Although oneMKL supports Fortran 90 and later, the exercises in this tutorial use FORTRAN 77 for compatibility with as many versions of Fortran as possible.
* Fortran source code is found in dgemm_example.f
PROGRAM MAIN
IMPLICIT NONE
DOUBLE PRECISION ALPHA, BETA
INTEGER M, K, N, I, J
PARAMETER (M=2000, K=200, N=1000)
DOUBLE PRECISION A(M,K), B(K,N), C(M,N)
PRINT *, "This example computes real matrix C=alpha*A*B+beta*C"
PRINT *, "using Intel(R) MKL function dgemm, where A, B, and C"
PRINT *, "are matrices and alpha and beta are double precision "
PRINT *, "scalars"
PRINT *, ""
PRINT *, "Initializing data for matrix multiplication C=A*B for "
PRINT 10, " matrix A(",M," x",K, ") and matrix B(", K," x", N, ")"
10 FORMAT(a,I5,a,I5,a,I5,a,I5,a)
PRINT *, ""
ALPHA = 1.0
BETA = 0.0
PRINT *, "Intializing matrix data"
PRINT *, ""
DO I = 1, M
DO J = 1, K
A(I,J) = (I-1) * K + J
END DO
END DO
DO I = 1, K
DO J = 1, N
B(I,J) = -((I-1) * N + J)
END DO
END DO
DO I = 1, M
DO J = 1, N
C(I,J) = 0.0
END DO
END DO
PRINT *, "Computing matrix product using Intel(R) MKL DGEMM "
PRINT *, "subroutine"
CALL DGEMM('N','N',M,N,K,ALPHA,A,M,B,K,BETA,C,M)
PRINT *, "Computations completed."
PRINT *, ""
PRINT *, "Top left corner of matrix A:"
PRINT 20, ((A(I,J), J = 1,MIN(K,6)), I = 1,MIN(M,6))
PRINT *, ""
PRINT *, "Top left corner of matrix B:"
PRINT 20, ((B(I,J),J = 1,MIN(N,6)), I = 1,MIN(K,6))
PRINT *, ""
20 FORMAT(6(F12.0,1x))
PRINT *, "Top left corner of matrix C:"
PRINT 30, ((C(I,J), J = 1,MIN(N,6)), I = 1,MIN(M,6))
PRINT *, ""
30 FORMAT(6(ES12.4,1x))
PRINT *, "Example completed."
STOP
END
NOTE:
This exercise illustrates how to call the dgemm routine.

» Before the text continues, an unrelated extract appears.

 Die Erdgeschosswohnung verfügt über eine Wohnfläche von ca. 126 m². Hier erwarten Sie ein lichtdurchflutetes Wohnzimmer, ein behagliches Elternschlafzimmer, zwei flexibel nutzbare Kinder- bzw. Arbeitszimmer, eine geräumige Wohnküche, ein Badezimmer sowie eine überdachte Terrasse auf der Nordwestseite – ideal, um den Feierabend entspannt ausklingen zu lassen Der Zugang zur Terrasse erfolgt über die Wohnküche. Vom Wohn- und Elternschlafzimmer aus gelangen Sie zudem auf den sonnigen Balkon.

An actual application would make use of the result of the matrix multiplication.
This call to the dgemm routine multiplies the matrices:
CALL DGEMM('N','N',M,N,K,ALPHA,A,M,B,K,BETA,C,M)

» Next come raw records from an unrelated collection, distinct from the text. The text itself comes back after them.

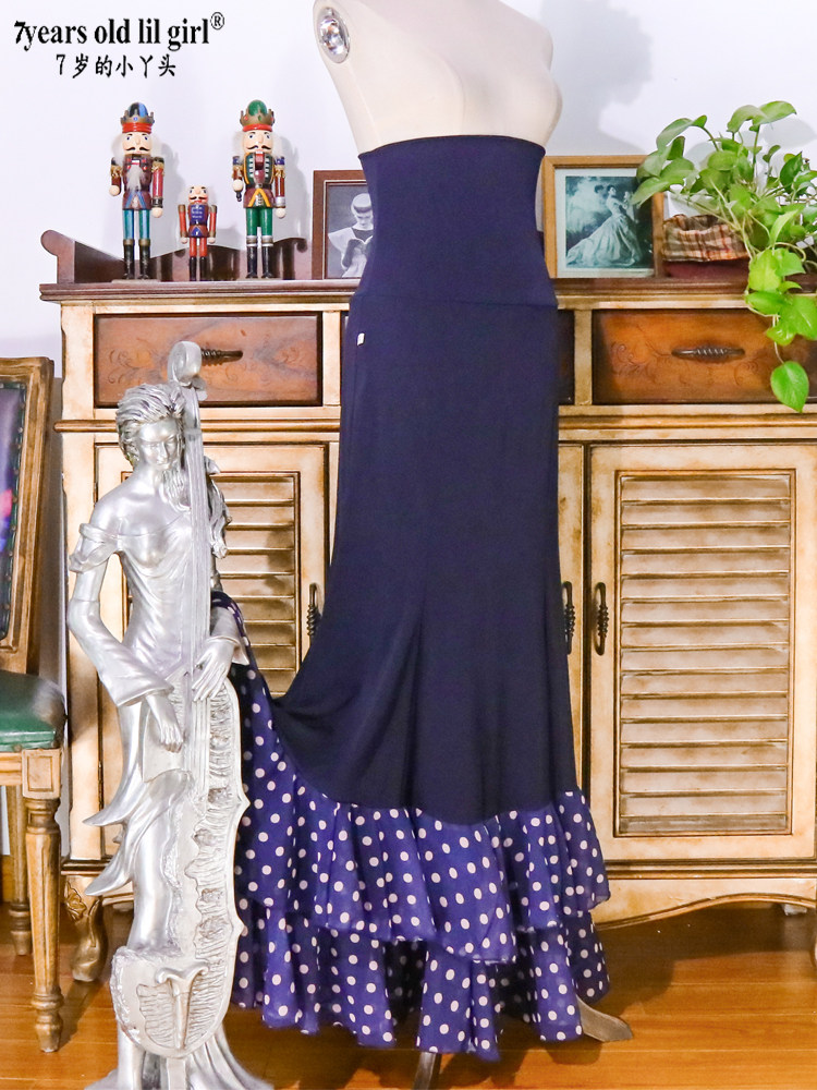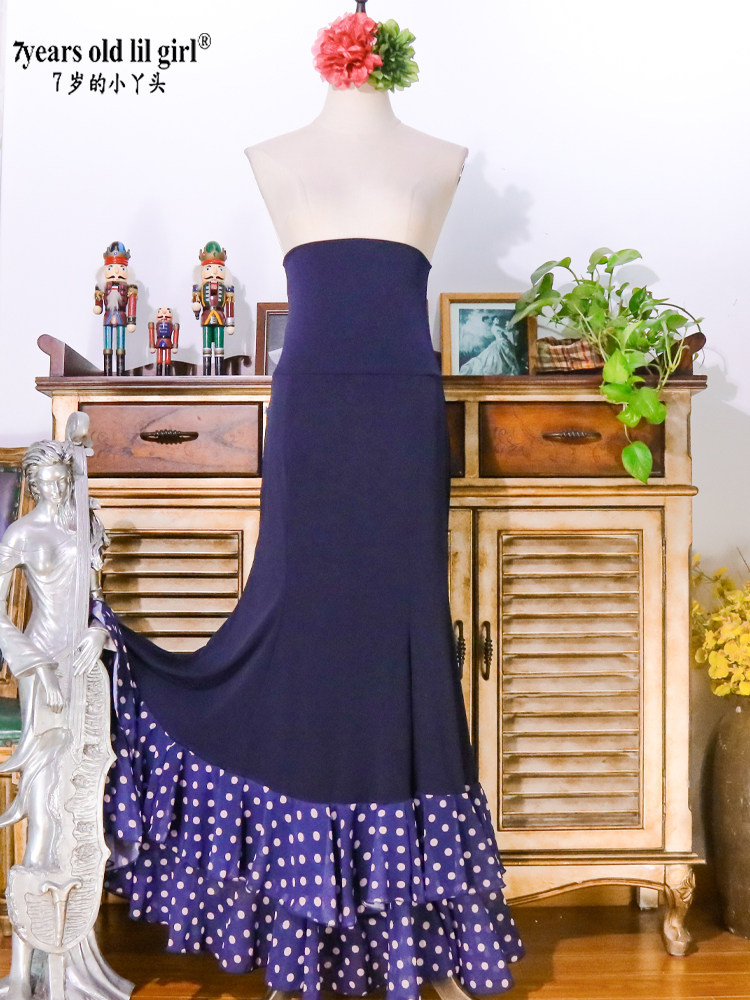 Бренд танцевального обслуживания горячий продажа фламенко фламенко Франминго танцевальная юбка женщина норвежская конопляная рыбная хвост Большая юбка синяя бу2
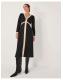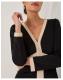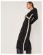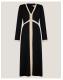 Sophisticated style. Featuring striking contrast panels, this midi dress boasts a V-neckline and long sleeves. Pairs beautifully with knee-length boots. Black
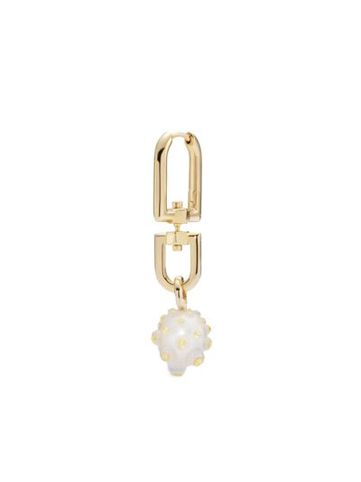 18kt gold plated silver polished finish pearl pendant lever fastening This is a single earring. Normal everyday use and external agents may reduce the lustre of gemstones and gold surfaces. To maintain, use specific, non-abrasive products specially meant for cleaning jewellery.
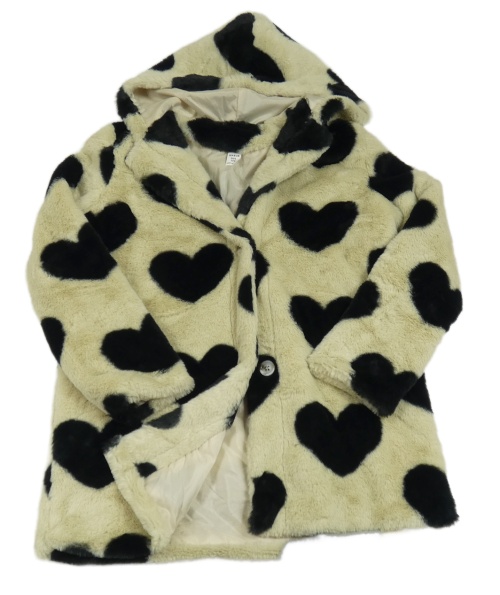 Béžová kožešinová podšitá bunda se srdíčky a kapucí Shein
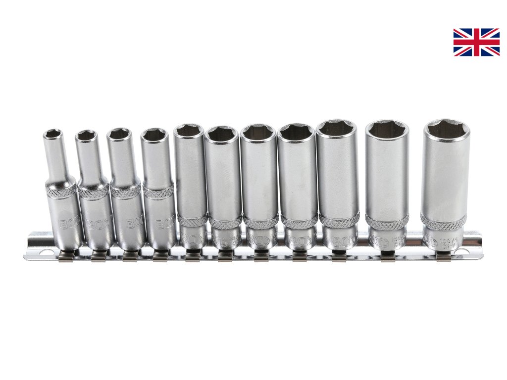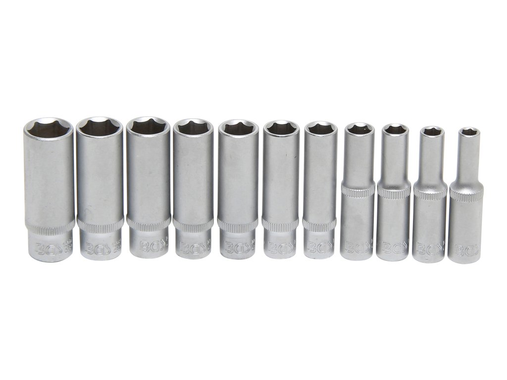Hlavice palcové 1/4” prodloužené, velikosti 3/16 až 1/2”, sada 11 ks - BGS 2429
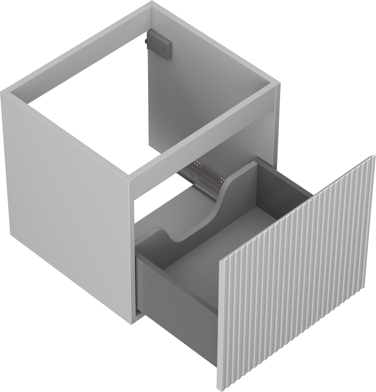 Изрезът в чекмеджето е проектиран по такъв начин, че да побере сифона, който е необходим в мивковите инсталации. Благодарение на това мебелът може да бъде монтиран напълно функционално, без да се налага отказване от пространството в чекмеджето заради инсталацията.
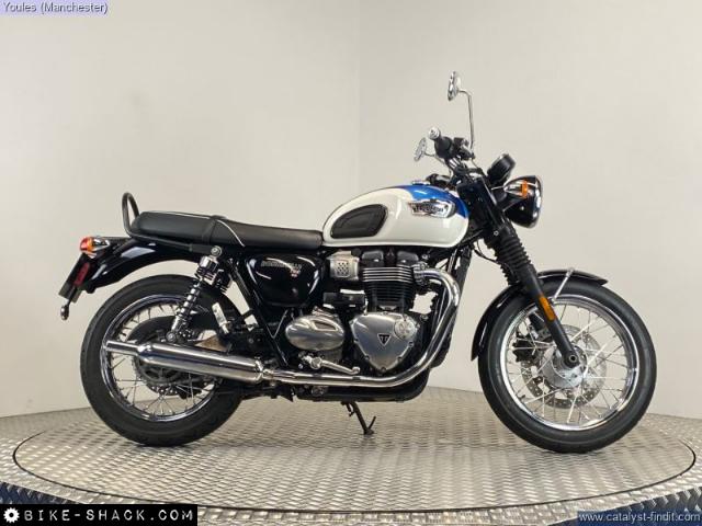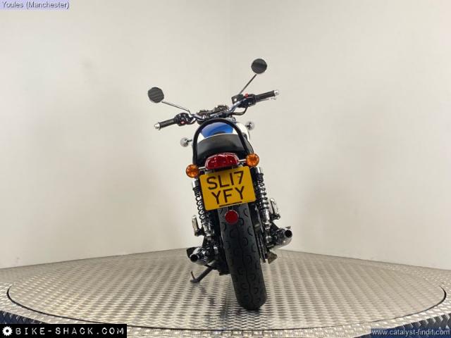 TRIUMPH BONNEVILLE T100 ON A 17 REG IN FUSHION BLUE & WHITE WITH ONLY 6075 MILES INCLUDING 7 X SERVICE STAMPS IN BOOK. THIS WAS PREVIOUSLY SOLD BY YOULES MOTORCYCLES.

The arguments provide options for how oneMKL performs the operation. In this case:
- 'N'
-
Character indicating that the matrices A and B should not be transposed or conjugate transposed before multiplication.
- M, N, K
-
Integers indicating the size of the matrices:
A: M rows by K columns
B: K rows by N columns
C: M rows by N columns
- ALPHA
-
Real value used to scale the product of matrices A and B.
- A
-
Array used to store matrix A.
- M
-
Leading dimension of array A, or the number of elements between successive columns (for column major storage) in memory. In the case of this exercise the leading dimension is the same as the number of rows.
- B
-
Array used to store matrix B.
- K
-
Leading dimension of array B, or the number of elements between successive columns (for column major storage) in memory. In the case of this exercise the leading dimension is the same as the number of rows.
- BETA
-
Real value used to scale matrix C.
- C
-
Array used to store matrix C.
- M
-
Leading dimension of array C, or the number of elements between successive columns (for column major storage) in memory. In the case of this exercise the leading dimension is the same as the number of rows.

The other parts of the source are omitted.